Enterprise Metaverse use cases

Collaboration is one of three primary use cases for the metaverse in the enterprise right now, according to Forrester VP JP gownder.

Another basic use case is one backed by the chip giant Nvidia – simulation and digital twins. Huang announced the Nvidia Omniverse Enterprise during his keynote speech at the company’s online AI conference GTC 2021 this month and presented several use cases that focused on simulations and digital twins in industrial environments such as warehouses and factories.

If you represent an organization in an industry with expensive assets — say oil and gas, manufacturing or logistics — it makes sense to put this use case on your radar, according to Gartner’s Nguyen. “This is where augmented reality is really useful for projects right now,” he says.

For example, during his keynote address, Nvidia’s Huang showed a video of a virtual repository built with Nvidia Omniverse Enterprise to enable the organization to visualize the impact of improved routing in an automated order picking scenario. This is an example of a specific use case, but Omniverse itself is Nvidia’s platform to enable organizations to create their own simulations or virtual worlds.

“We built Omniverse for the builders of these virtual worlds,” Huang said at GTC. “Some of the worlds will be for gatherings and games. But a large number will be built by scientists, innovators and companies. Virtual worlds will appear like websites today.”

The third enterprise use case is in business-to-consumer marketing as evidenced by the online gaming platform Roblox, according to Thubder.
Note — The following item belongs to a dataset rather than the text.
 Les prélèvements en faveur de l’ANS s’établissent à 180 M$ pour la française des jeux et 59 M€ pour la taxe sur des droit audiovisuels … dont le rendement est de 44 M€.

On this gaming platform that is popular with the pre-teen crowd, users can buy digital clothes to decorate their avatars, and brands alert. For example, clothing brands including Vans and Gucci have created custom branded worlds on Roblox.
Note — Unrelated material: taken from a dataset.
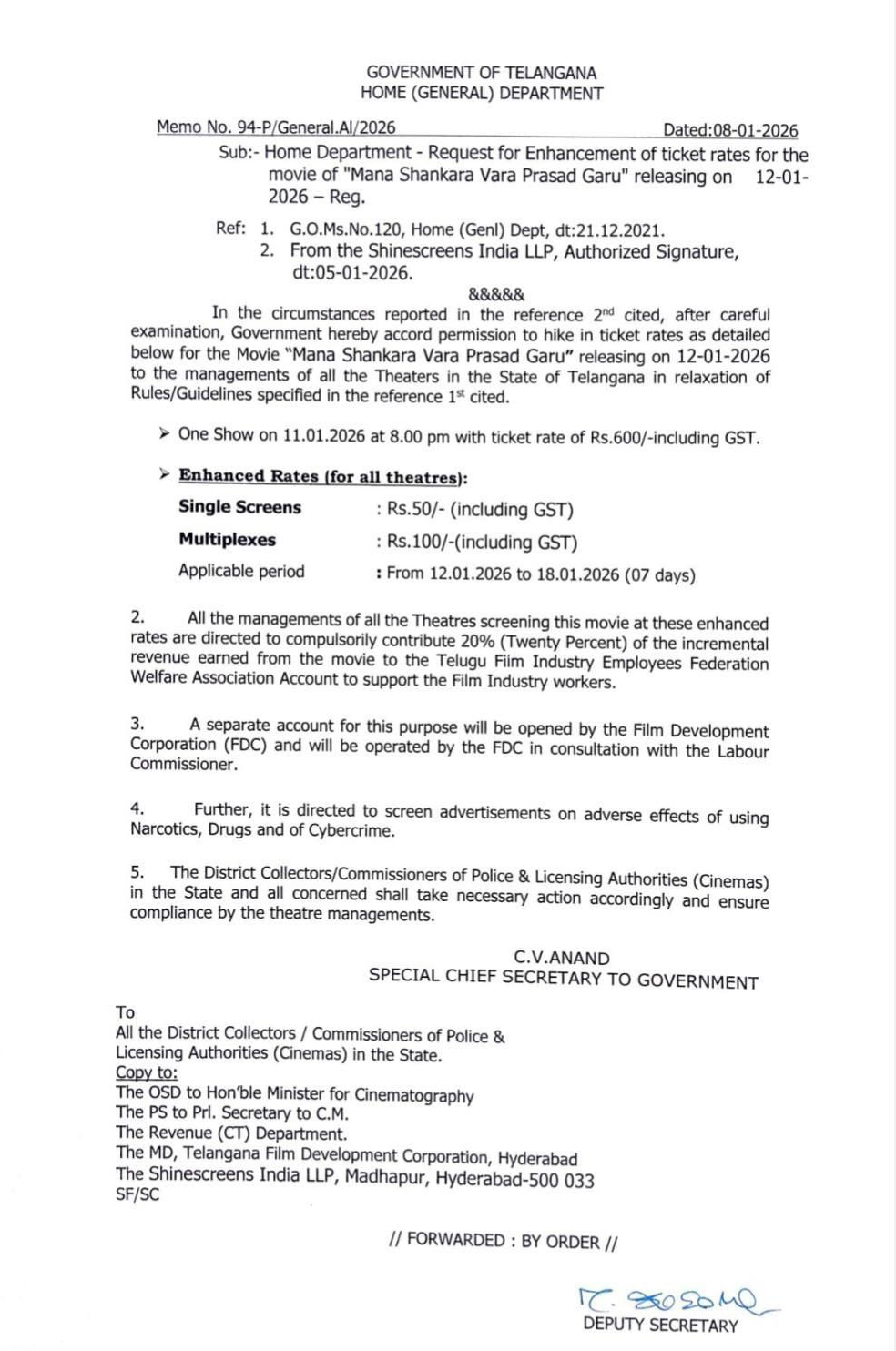 ప్రభాస్ 'రాజాసాబ్' చిత్రానికి తెలంగాణలో టికెట్ ధరలు పెంచినందుకే హైకోర్టు ఆగ్రహం వ్యక్తం చేసింది. దీంతో చిరంజీవి 'మన శంకరవరప్రసాద్ గారు'కి పెంపు ఉంటుందా లేదా అని అందరూ మాట్లాడుకున్నారు. కానీ తెలంగాణ ప్రభుత్వం నుంచి జీవో వచ్చింది. ఈ మేరకు అధికారిక ప్రకటన చేశారు. 11వ తేదీన వేసే ప్రీమియర్ల ఒక్కో టికెట్ రూ.600గా నిర్ణయించారు.

Should CIOs put the Metaverse on their technology roadmaps?

Yes, but no need to jump with both feet just yet, experts say.

These examples should be considered by CIOs, Nguyen says. “But you don’t need to have a metaverse presence.” after. “You have to get that frame of reference because of the imperative. You’re not going to be part of this somehow, you’re likely to lose a lot, just like any organization that doesn’t have a website today.”

In fact, it might pay off if you decide to wait for version 2. Microsoft Mesh for Teams allows users to create and use an avatar instead of running their webcams. These personal avatars come complete with facial expressions to convey reactions.

“It is unlikely that this will get the same level of engagement as others who use video in the meeting,” says Tim Banting, Omdia practice lead for the digital workplace. “Thus, Amedia believes that this feature is somewhat of a gimmick.”

However, he adds that some other use cases may appeal to organizations. However, there are other caveats that companies must consider when it comes to hands-on implementation.

“A specific headset, rather than a computer or mobile device, will be required to maximize the user experience,” Banting says. “With many organizations failing to provide business-quality external headphones and webcams to remote employees, organizations are unlikely to justify the cost of virtual reality equipment for regular employee meetings.”

Do you need to develop the skills of your IT workforce?

Many of the benefits of metaverse technology will already be available through existing technology vendors, such as Mesh for Microsoft Teams. Furthermore, Banting notes that in the world of consumer VR, “it’s pretty much a plug-and-play environment with easy setup.”

However, “Where things can get interesting is when companies want to create their own ‘branded’ metaverse. I expect this to be an advanced services opportunity for a new class of partners working alongside marketing.”

Understanding 3D is a rare skill today, Thopder said, so finding people who can develop with Unity or the Unreal Engine could be valuable. But it’s not something everyone will need to jump on right away.

What are the risks?

Think of the Internet. When those first websites came out in the ’90s, there was no way of knowing what lay ahead.

“Thirty years ago, who would have thought we would be here today with trolls, disinformation, hacking, and more,” says Nguyen. “The negative aspects we are talking about will be couched in what we understand today as security, privacy and ethics.”